Monte Carlo Aircraft Noise Simulation Dashboard.
Built a MATLAB-based Monte Carlo workflow and App Designer dashboard to model EPNL noise variation across flight, engine, and environmental parameters.
Built a probabilistic aeroacoustic simulation tool to quantify uncertainty in aircraft noise predictions.
During my co-op at Pratt & Whitney Canada, I developed a MATLAB Monte Carlo simulation workflow that converted deterministic aircraft-noise inputs into probabilistic input distributions. The tool repeatedly sampled flight, engine, and environmental parameters, ran each case through an existing aeroacoustic model, and summarized the resulting EPNL variation using percentile-based uncertainty bands.

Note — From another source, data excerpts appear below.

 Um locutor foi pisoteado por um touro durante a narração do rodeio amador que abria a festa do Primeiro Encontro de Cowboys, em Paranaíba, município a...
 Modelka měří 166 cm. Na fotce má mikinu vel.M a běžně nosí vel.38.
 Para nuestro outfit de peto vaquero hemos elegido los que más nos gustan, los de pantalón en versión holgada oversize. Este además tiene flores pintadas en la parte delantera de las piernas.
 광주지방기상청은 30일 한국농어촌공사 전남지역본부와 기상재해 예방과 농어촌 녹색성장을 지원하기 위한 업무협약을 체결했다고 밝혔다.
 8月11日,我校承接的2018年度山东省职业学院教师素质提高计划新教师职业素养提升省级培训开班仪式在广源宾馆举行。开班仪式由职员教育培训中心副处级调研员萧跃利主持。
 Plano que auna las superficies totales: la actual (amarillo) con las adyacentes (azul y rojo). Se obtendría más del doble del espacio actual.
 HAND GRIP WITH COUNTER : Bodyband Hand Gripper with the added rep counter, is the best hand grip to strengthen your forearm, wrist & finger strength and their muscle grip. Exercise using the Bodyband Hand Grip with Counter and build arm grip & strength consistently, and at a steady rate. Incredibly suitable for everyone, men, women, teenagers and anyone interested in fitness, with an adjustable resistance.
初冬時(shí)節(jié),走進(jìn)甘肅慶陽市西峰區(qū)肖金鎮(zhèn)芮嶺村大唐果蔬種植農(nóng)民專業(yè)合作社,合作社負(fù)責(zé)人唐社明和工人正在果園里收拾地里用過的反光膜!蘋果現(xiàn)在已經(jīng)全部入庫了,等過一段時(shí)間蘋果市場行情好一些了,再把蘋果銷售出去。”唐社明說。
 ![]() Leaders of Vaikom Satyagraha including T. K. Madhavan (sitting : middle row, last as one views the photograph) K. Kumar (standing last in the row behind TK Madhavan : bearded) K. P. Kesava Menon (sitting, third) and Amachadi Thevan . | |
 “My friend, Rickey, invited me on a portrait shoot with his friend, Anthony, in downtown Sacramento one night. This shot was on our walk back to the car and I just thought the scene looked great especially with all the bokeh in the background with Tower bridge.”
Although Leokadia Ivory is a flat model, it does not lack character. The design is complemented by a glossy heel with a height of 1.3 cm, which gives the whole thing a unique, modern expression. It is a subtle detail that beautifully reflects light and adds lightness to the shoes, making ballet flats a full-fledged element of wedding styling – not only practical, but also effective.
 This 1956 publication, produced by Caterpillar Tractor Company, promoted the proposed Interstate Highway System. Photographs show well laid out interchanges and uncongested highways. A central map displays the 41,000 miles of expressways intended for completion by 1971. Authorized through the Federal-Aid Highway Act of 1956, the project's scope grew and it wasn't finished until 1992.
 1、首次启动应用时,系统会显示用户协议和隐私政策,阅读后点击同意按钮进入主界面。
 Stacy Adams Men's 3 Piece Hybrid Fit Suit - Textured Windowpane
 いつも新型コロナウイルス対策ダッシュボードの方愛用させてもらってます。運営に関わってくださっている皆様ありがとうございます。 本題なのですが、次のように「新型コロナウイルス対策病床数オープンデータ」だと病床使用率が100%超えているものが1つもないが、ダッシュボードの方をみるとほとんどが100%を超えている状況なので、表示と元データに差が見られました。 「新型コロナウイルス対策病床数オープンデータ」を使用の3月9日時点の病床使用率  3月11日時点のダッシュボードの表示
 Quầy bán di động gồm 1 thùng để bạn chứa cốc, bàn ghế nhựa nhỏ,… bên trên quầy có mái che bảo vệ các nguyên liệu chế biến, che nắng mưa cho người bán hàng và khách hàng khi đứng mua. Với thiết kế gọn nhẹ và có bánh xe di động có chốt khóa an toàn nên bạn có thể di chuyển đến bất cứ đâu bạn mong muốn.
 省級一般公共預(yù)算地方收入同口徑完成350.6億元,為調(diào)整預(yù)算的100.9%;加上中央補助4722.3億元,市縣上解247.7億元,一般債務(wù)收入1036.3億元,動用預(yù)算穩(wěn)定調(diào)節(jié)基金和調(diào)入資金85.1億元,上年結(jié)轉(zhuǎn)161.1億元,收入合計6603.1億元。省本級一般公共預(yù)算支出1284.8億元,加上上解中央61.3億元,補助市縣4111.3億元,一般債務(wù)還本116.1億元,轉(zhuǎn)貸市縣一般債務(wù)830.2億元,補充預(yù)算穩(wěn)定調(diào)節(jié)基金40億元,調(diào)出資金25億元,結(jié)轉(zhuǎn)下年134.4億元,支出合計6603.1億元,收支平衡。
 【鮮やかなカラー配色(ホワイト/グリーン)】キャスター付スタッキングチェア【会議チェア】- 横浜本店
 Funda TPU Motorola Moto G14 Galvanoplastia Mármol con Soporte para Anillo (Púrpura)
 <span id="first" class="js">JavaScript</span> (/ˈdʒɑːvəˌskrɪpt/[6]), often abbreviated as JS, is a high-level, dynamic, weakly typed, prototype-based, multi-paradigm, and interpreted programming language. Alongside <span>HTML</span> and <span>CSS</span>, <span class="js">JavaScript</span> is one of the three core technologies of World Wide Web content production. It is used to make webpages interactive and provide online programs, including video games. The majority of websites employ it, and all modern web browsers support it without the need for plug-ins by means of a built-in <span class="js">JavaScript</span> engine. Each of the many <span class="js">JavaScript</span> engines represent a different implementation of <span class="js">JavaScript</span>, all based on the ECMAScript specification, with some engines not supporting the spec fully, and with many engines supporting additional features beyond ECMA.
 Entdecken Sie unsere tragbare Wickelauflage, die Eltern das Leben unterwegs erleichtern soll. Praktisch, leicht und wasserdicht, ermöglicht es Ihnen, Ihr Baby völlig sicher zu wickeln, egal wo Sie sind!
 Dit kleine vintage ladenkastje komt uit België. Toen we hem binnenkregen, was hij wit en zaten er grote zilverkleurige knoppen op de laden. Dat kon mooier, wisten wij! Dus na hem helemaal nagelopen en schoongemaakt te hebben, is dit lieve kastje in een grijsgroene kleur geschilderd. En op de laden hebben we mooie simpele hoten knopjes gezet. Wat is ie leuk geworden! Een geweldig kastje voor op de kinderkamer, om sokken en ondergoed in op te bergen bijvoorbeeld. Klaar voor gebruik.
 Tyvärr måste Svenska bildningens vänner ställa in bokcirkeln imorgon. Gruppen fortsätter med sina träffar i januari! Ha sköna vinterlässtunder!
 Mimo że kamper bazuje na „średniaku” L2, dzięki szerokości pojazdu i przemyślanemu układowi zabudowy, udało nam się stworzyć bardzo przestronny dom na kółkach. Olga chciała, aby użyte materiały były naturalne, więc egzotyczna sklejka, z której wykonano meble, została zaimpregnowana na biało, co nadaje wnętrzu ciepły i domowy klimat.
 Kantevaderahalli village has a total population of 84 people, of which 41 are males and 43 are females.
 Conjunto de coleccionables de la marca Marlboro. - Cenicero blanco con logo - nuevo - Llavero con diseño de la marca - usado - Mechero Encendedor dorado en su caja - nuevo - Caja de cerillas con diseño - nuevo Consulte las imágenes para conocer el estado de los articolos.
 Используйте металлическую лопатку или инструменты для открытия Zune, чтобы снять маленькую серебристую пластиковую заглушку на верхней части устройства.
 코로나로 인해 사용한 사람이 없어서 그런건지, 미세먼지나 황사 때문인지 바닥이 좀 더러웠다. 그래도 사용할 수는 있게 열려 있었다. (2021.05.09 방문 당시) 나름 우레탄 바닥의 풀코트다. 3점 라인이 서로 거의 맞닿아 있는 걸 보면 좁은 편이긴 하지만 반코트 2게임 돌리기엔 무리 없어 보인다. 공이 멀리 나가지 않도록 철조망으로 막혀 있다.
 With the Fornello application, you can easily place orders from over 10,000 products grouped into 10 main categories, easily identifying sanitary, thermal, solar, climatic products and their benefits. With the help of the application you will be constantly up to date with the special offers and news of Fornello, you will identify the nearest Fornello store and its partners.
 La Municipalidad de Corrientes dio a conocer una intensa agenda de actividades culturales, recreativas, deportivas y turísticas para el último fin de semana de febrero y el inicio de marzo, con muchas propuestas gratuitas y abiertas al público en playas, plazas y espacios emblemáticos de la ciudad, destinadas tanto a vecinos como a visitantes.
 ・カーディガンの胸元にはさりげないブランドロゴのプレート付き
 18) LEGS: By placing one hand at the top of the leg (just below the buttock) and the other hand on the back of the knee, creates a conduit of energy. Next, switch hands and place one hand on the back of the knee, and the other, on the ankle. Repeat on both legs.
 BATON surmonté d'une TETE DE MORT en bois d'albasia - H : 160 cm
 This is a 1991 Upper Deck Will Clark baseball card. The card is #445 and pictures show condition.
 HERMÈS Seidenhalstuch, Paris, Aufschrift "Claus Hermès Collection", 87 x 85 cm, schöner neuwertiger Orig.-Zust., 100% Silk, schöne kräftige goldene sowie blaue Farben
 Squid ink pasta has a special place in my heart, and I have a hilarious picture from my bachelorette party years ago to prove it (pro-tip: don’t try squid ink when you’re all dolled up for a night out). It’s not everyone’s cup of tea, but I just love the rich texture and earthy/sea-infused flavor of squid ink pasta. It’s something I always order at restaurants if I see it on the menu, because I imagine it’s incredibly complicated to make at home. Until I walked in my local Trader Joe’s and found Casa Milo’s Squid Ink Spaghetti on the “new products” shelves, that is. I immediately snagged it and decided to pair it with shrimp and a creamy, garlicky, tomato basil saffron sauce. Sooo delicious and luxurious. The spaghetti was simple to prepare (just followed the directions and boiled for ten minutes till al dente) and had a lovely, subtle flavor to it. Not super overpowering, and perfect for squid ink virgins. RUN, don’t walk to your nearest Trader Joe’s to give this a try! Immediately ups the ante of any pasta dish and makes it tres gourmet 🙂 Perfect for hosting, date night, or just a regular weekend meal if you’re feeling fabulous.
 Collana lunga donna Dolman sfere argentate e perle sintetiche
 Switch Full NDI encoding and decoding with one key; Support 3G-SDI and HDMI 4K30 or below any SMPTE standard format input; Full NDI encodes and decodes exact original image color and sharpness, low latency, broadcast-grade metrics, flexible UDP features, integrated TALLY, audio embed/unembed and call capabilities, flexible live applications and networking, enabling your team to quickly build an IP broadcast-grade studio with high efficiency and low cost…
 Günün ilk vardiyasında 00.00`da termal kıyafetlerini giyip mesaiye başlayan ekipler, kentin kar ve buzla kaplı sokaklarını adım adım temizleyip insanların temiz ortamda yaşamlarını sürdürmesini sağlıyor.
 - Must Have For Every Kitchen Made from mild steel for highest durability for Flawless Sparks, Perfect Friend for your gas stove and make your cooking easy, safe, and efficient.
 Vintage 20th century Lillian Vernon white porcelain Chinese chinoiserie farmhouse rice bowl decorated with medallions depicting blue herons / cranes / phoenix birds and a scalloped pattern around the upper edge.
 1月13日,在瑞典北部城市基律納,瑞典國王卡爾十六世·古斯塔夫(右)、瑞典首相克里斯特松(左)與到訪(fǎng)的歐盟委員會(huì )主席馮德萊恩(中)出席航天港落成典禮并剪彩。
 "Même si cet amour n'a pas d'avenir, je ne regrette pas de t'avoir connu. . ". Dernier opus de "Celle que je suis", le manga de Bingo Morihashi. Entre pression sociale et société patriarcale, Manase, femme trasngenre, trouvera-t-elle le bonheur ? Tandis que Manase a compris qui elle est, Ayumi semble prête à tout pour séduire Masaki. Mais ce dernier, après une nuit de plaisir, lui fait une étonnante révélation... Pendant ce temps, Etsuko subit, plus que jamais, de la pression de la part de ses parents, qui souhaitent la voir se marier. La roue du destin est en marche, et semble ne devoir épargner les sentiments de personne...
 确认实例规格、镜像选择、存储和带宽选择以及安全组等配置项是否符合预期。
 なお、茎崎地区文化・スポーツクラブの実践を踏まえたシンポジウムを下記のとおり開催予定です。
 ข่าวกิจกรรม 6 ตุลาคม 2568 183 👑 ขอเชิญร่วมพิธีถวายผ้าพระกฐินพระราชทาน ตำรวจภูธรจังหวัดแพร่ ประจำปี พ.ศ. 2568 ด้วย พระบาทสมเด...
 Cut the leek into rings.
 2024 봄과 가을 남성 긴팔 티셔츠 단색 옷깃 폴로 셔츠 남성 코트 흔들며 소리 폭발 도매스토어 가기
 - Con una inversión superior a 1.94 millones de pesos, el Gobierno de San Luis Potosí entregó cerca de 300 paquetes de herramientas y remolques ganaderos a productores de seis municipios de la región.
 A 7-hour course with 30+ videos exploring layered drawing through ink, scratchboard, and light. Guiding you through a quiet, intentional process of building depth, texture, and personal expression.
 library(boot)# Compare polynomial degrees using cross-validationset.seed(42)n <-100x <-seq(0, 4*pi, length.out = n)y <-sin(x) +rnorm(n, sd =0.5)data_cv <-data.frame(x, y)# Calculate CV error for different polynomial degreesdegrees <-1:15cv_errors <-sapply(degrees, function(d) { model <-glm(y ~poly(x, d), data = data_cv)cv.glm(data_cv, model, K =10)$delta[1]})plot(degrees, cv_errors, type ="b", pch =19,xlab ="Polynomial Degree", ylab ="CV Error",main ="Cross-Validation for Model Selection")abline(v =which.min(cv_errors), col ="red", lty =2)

I also built an App Designer interface around the workflow so engineers could configure active uncertainty parameters, run large simulation batches, view statistical outputs, and export plots without manually editing input files or scripts.
Public technical summary only. Proprietary model details, datasets, and internal validation methods are excluded.
- 01Built a MATLAB Monte Carlo workflow that sampled flight, engine, and environmental parameters and ran each case through an existing aeroacoustic model to produce probabilistic EPNL distributions.
- 02Wrote a percentile-based uncertainty summary that converted thousands of raw simulation runs into bounded EPNL bands engineers could compare against deterministic baselines.
- 03Built an App Designer interface so engineers could toggle active uncertainty parameters, launch large simulation batches, inspect statistical outputs, and export plots without editing scripts.